American Dreamin': The Hunger For More - Simone Amelia Jordan

One would think that after six years of living in New York City and not only surviving the crazy entertainment industry but also making notable moves within it, I’d have a clear idea where my career was headed right now. Try again.

I’ll never forget the day I moved to the United States: January 12, 2007. The 14-hour flight from Sydney to Los Angeles was a breeze, having previously gone back and forth more times than I cared to remember on missions of work, fun and love (“and in that order,” word to Momma Dee). The second leg of the journey to New York is always killer and when my flight arrived to a freezing dawn at JFK airport, I was physically and mentally exhausted. Running on excitement and adrenalin, I had to report to my new office that same morning.

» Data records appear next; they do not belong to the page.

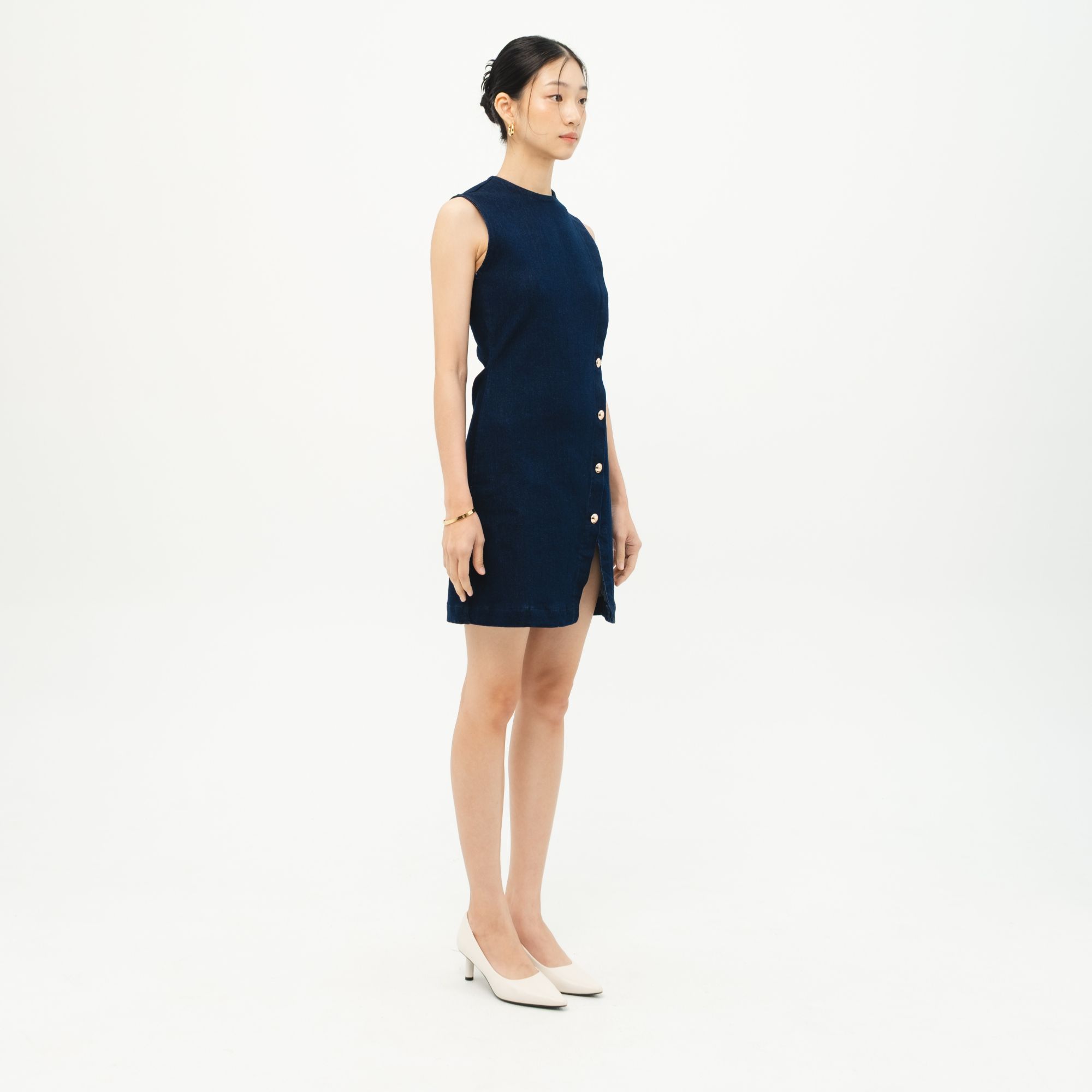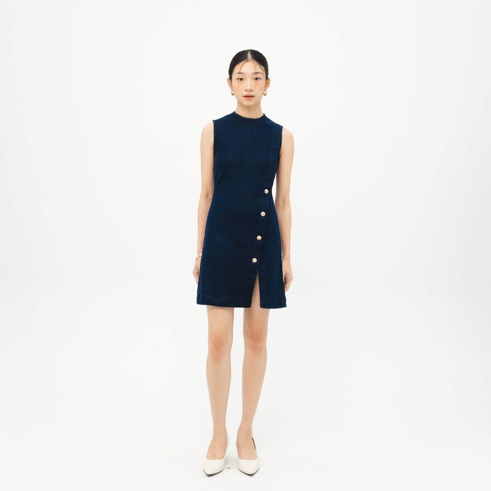 Sleeveless dress with a flattering front slit and gold buttons featuring the Maja logo. The stretchy denim keeps it cool and comfortable while still looking elegant.
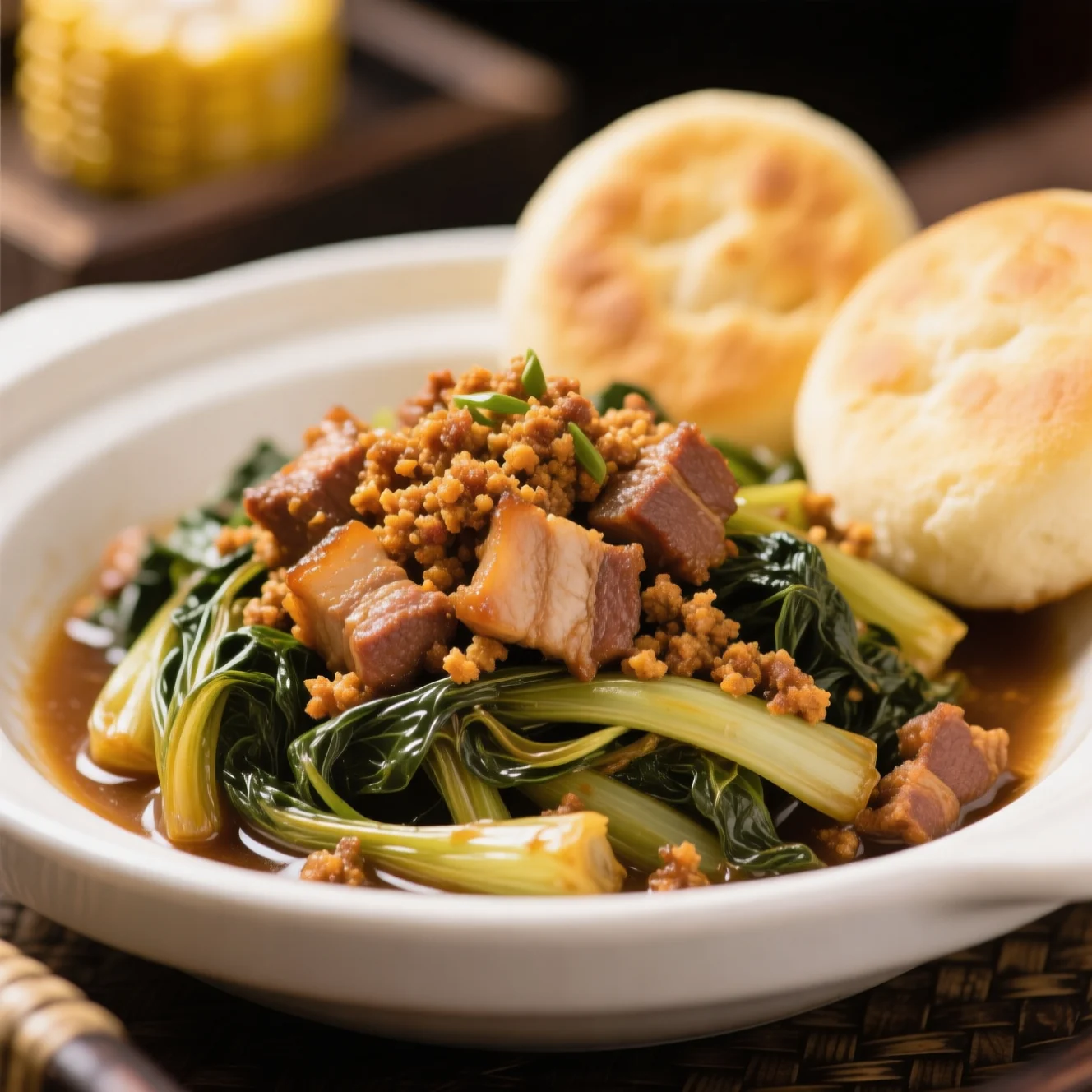 Tendres feuilles de moutarde séchées braisées avec du porc haché juteux et légèrement croustillant. Un plat familial chinois du Nord très aimé, riche en profondeur savoureuse. Servez avec des muffins de maïs cuits à la vapeur pour l'expérience complète.
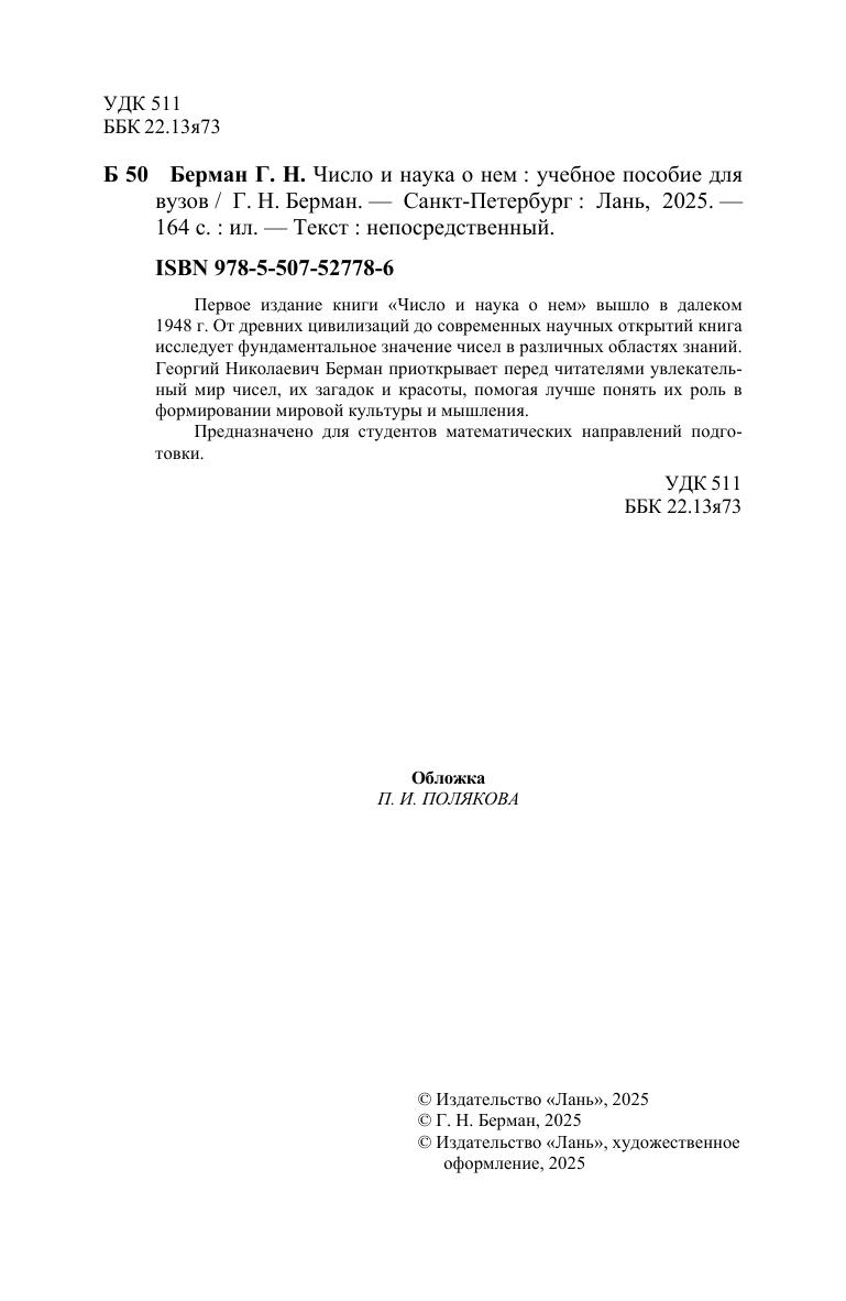 Первое издание книги «Число и наука о нем» вышло в далеком 1948 г. От древних цивилизаций до современных научных открытий книга исследует фундаментальное значение чисел в различных областях знаний. Георгий Николаевич Берман приоткрывает перед читателями увлекательный мир чисел, их загадок и красоты, помогая лучше понять их роль в формировании мировой культуры и мышления. Предназначено для студентов математических направлений подготовки.
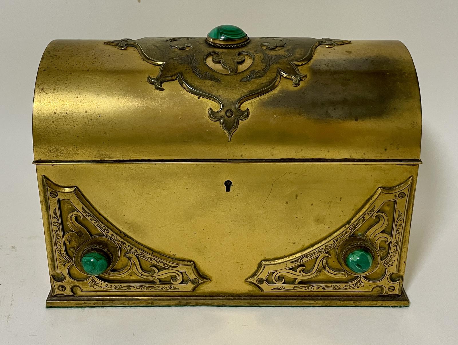 Victorian Gilt Brass Casket with Malachite Cabochons
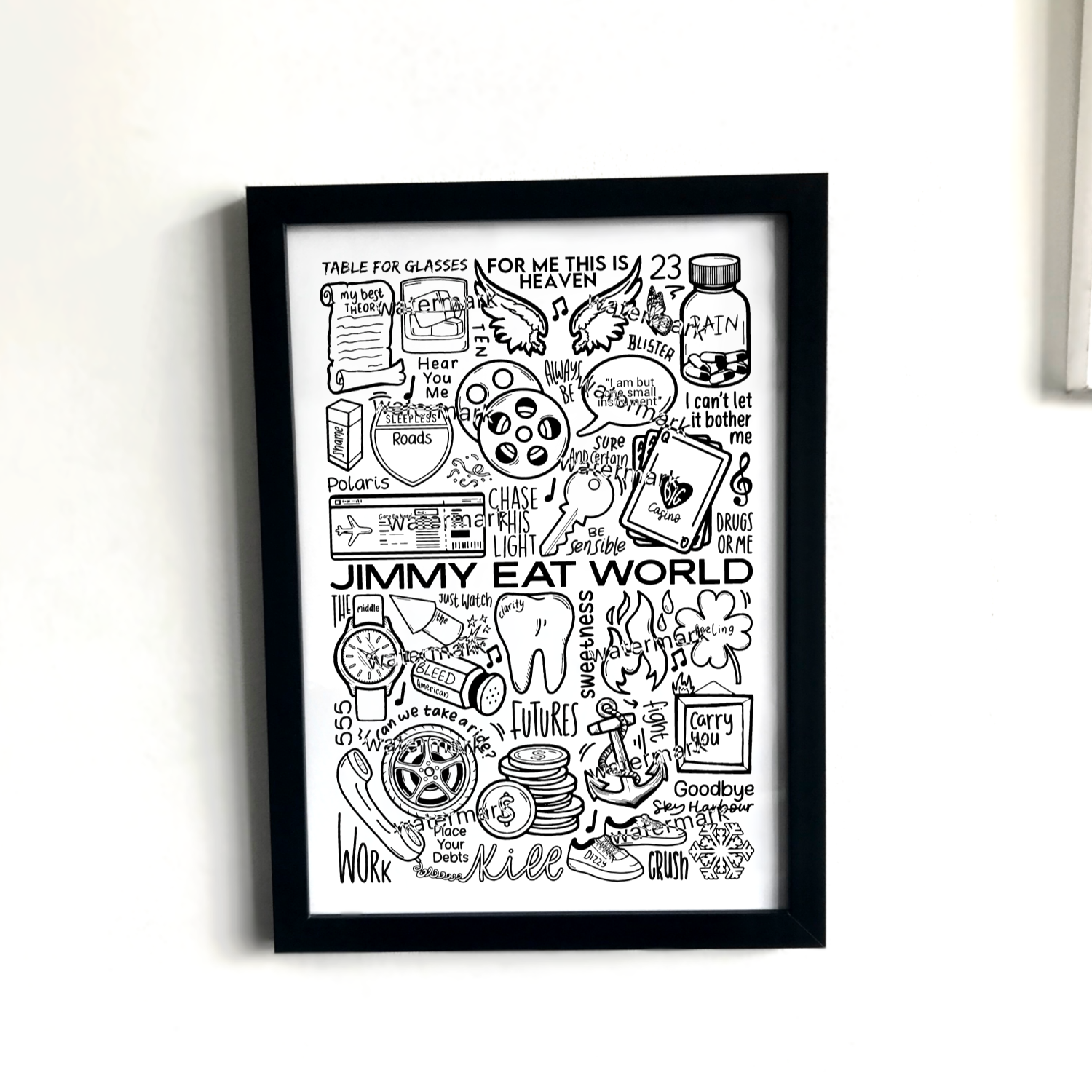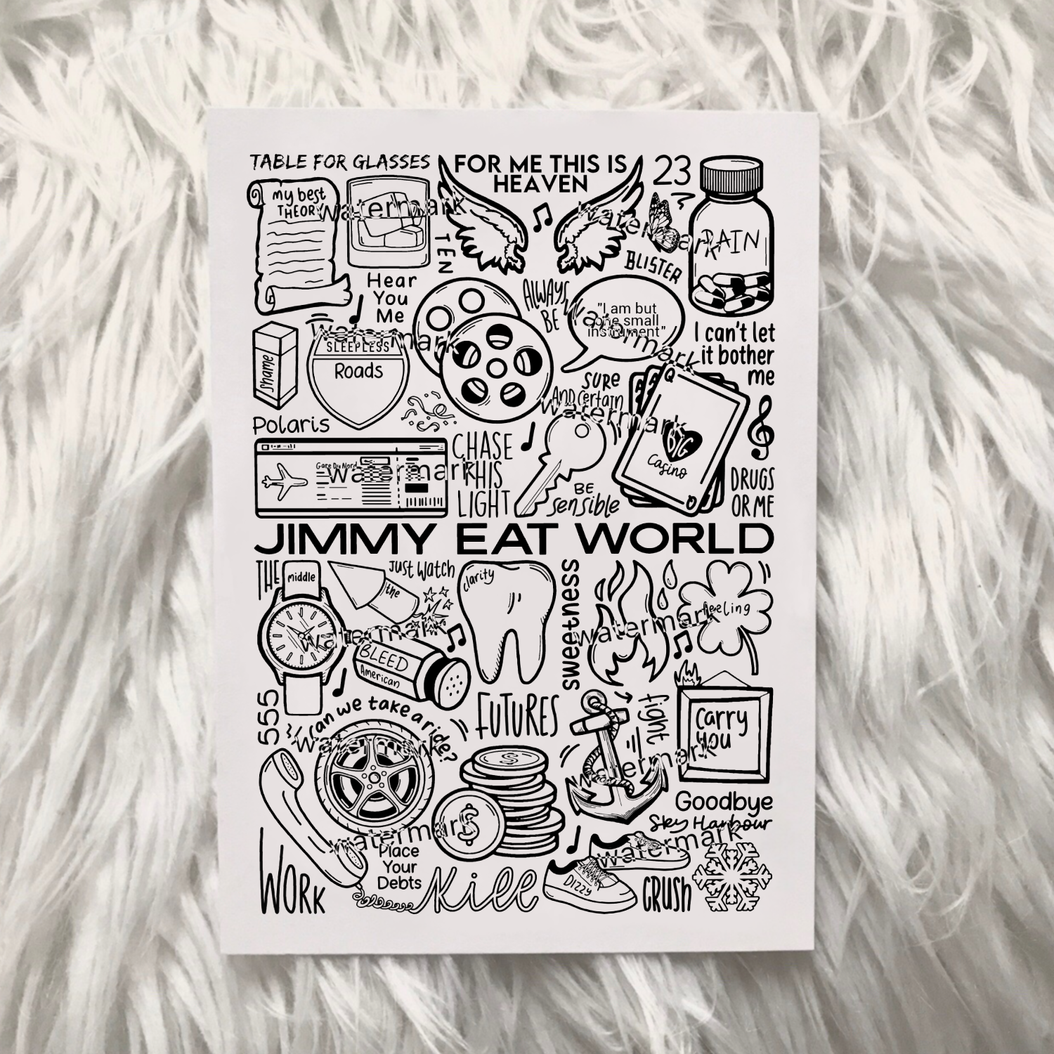 🎶Affiche imprimée de Jimmy Eat World créée à l'aide d'un iPad et d'un Apple Pencil. Elle comprend des images et des paroles de chansons de leurs albums.

Said office, located on the famous Broadway stretch but in super cool, downtown-ish Union Square, is none other than the headquarters of leading online retailer of street fashion, DrJays.com. It’s now become my home away from home, a beautiful space with views of the city. My city, I claim today. It’s here where I’ve conducted interviews with some of the biggest names in music, put together photo shoots for the hottest brands and most importantly, learned more about the business of the internet than I could have ever imagined. Tasked with creating lifestyle content for the first time not only on DrJays.com but its sister site DJPremium, with an additional project of re-launching the company’s trailblazing social network StreetStyle.com, I was thrown in the deep end from day one and kept busy around the clock. Till now.

Sometime last year, I started having my first meltdown. I’ve always been clear with my career aspirations; I had my heart set on becoming a journalist since I read a book called The Reporter in the fourth grade and immediately started a family newsletter. I’ve charged toward my goal like a bull towards a waving red flag, from interning for free to commanding a high salary. Something strangely negative clicked in me mid 2012, however, causing me to falter from my usual advancement. I stopped caring about my work for the first time and started to feel it was taking me nowhere. That career plateau is a mother of a feeling. Sheesh. Not only had I convinced myself my place within the industry (an industry I’d put my heart and soul into since a teenager) was diminishing, the quality of the industry was deteriorating before my eyes. Things had changed so much I honestly lost my bearing.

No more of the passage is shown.